**Source material:**
>>

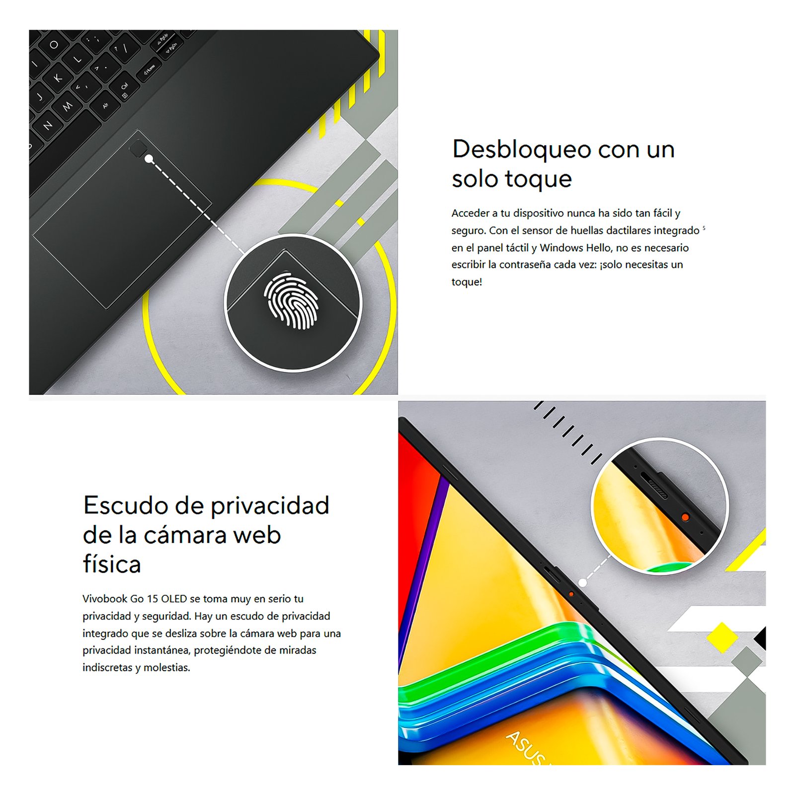 • Seguridad Biométrica: Incluye un lector de huella digital, permitiéndote iniciar sesión de forma rápida y segura sin necesidad de contraseñas.
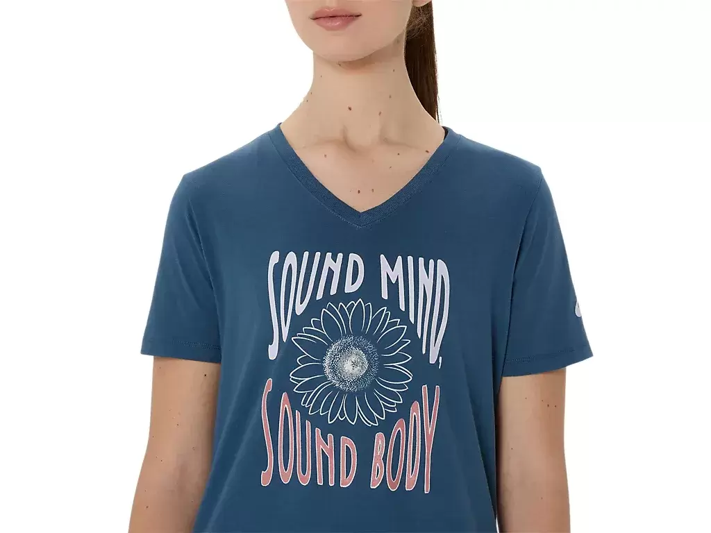 Esta blusa de manga curta com decote em V foi projetada para proporcionar uma sensação suave e agradável ao toque. Possui um tecido confortável que visa melhorar a liberdade de movimento.
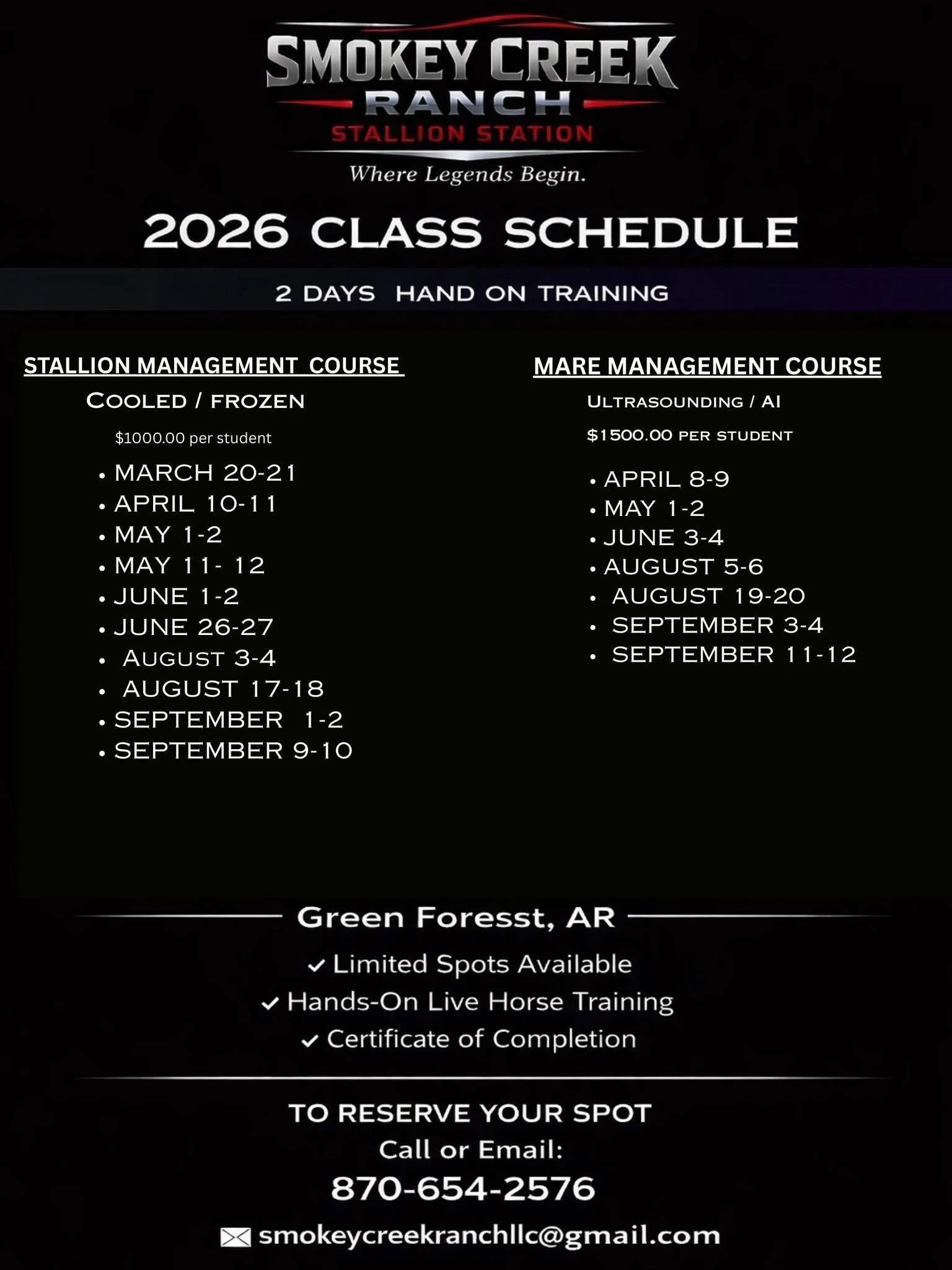 From mare care under lights to ensure early season cycling, to an experienced team that thrives with the challenge of mares requiring unique breeding requirements- Smokey Creek Ranch Stallion Station has you covered.

<<

**What to do:**
Exactly as written, return every line of the listing, but not the pictures.

**Completed exercise:**
 • Seguridad Biométrica: Incluye un lector de huella digital, permitiéndote iniciar sesión de forma rápida y segura sin necesidad de contraseñas.
 Esta blusa de manga curta com decote em V foi projetada para proporcionar uma sensação suave e agradável ao toque. Possui um tecido confortável que visa melhorar a liberdade de movimento.
 From mare care under lights to ensure early season cycling, to an experienced team that thrives with the challenge of mares requiring unique breeding requirements- Smokey Creek Ranch Stallion Station has you covered.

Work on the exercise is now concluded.